Assemblyman John Wisniewski (D) on Tuesday said that the ads, which aired while Christie (R) ran for reelection last year, were “an improper expenditure.” Christie faces a federal investigation over his use of disaster relief funds on the ads.
"When the governor is running for reelection, to use his image relentlessly in those ads, borders on at least a campaign law violation," Wisniewski said during an interview with Fusion’s Jorge Ramos.
A federal auditor will examine whether the $25 million marketing campaign designed to boost tourism at the Jersey shore miused federal dollars. Wisniewski said that the ads were about more than just tourism.

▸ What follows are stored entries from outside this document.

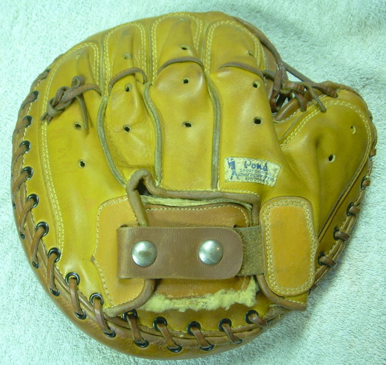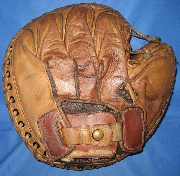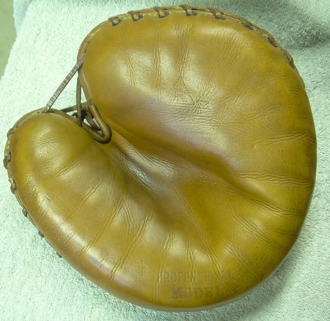 below is my updated version of the Spalding model BB. This mitt was manufactured by George Reach circa 1935-1940 and is model A8 "Professional Model". The tag on the back is from Pond Sports Shop in Appleton Wisconsin. Finger stall vent holes were added and finger cinch lacing. An extra snap was added for adjustment.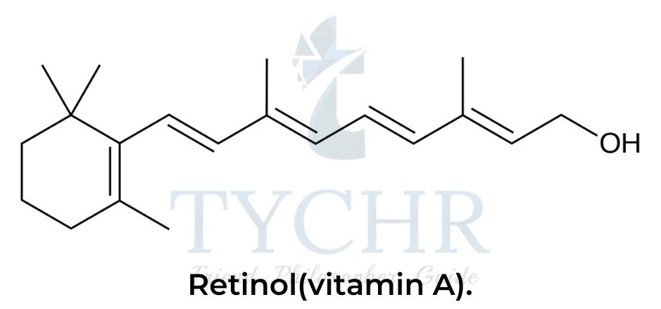 - For example, in two members of group A vitamins, retinol and β-carotene, the electron conjugation involves 10 and 22 carbon atoms, respectively.
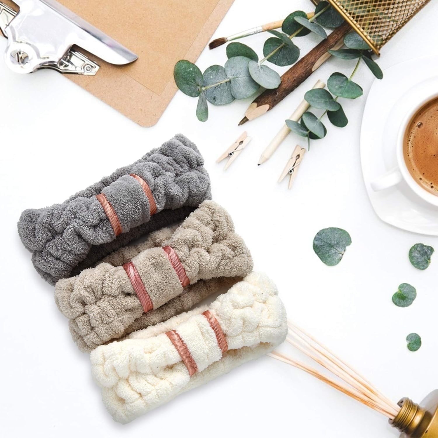 3 Pack Spa Headbands Microfiber SkinCare Face Wash Headband Facial Headband Makeup Towel Headbands for Women for Washing Face(White, Gray, Khaki)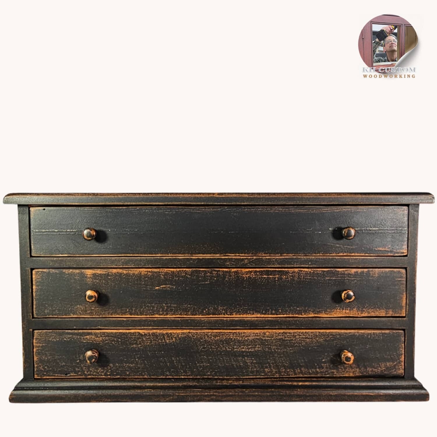 Primitive Three Drawer Treasure Box is great for jewelry and other small items. Distressed finish is Black over Pumpkin. Made in the USA.
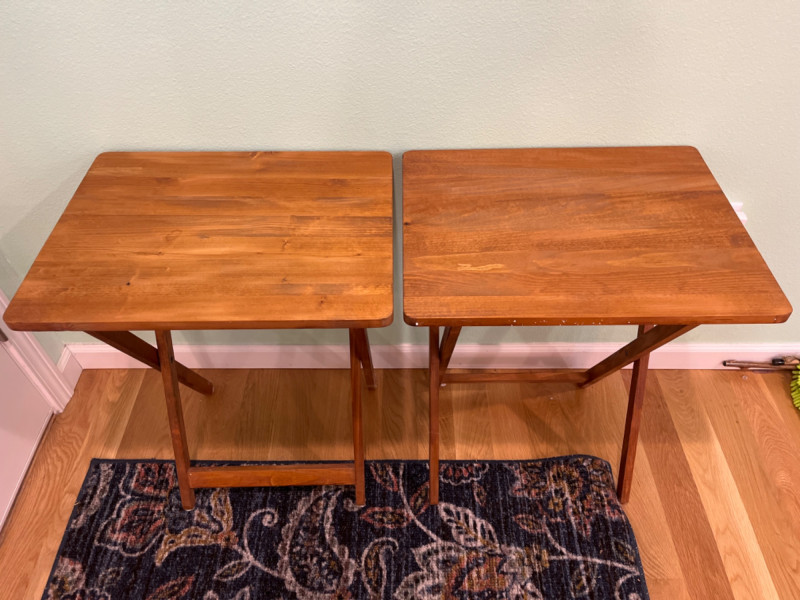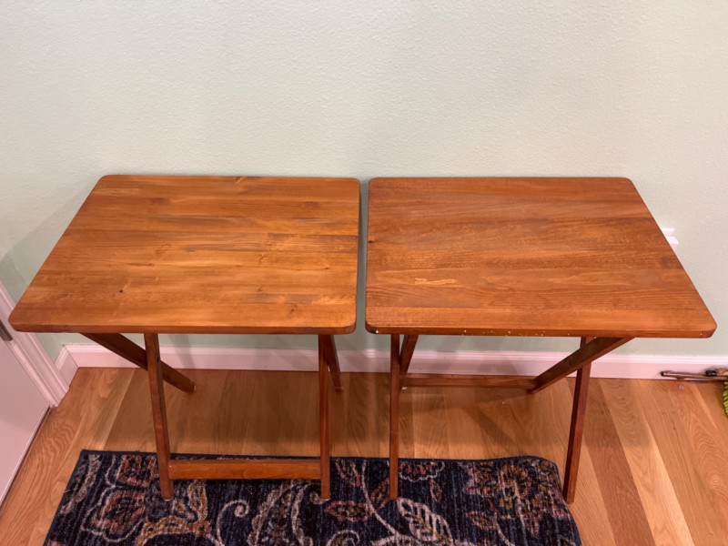 (2) Folding Wood TV Tray Table Light for easy movability. 19.5”x15.5”x24.5”

"He should not be using those funds to advertise himself during the middle of a general election campaign, and that's what he did."
Wisniewski is head of a special investigative committee that has been given subpoena power to look into another Christie-related scandal: politically motivated lane closures on the George Washington Bridge.
A Christie spokesman did not respond to a request for comment. His office a has said the timing of the Sandy investigation is politically motivated, and that its disaster relief plan was approved by the Obama administration.
“We're confident that any review will show that the ads were a key part in helping New Jersey get back on its feet after being struck by the worst storm in state history,” spokesman Colin Reed said in a statement on Monday.
With regard to the bridge scandal, Wisniewski has raised the specter of impeachment for Christie -- if he was aware of his staff’s efforts to shut down lanes in an effort to exact revenge on a Democratic rival. But Wisniewski said Tuesday that his committee still has to conduct its investigation to determine Christie’s involvement.
"I think he's not telling the whole story, and I think we need to go step by step," Wisniewski said. "There are a lot of questions we have to answer first before we get to the governor."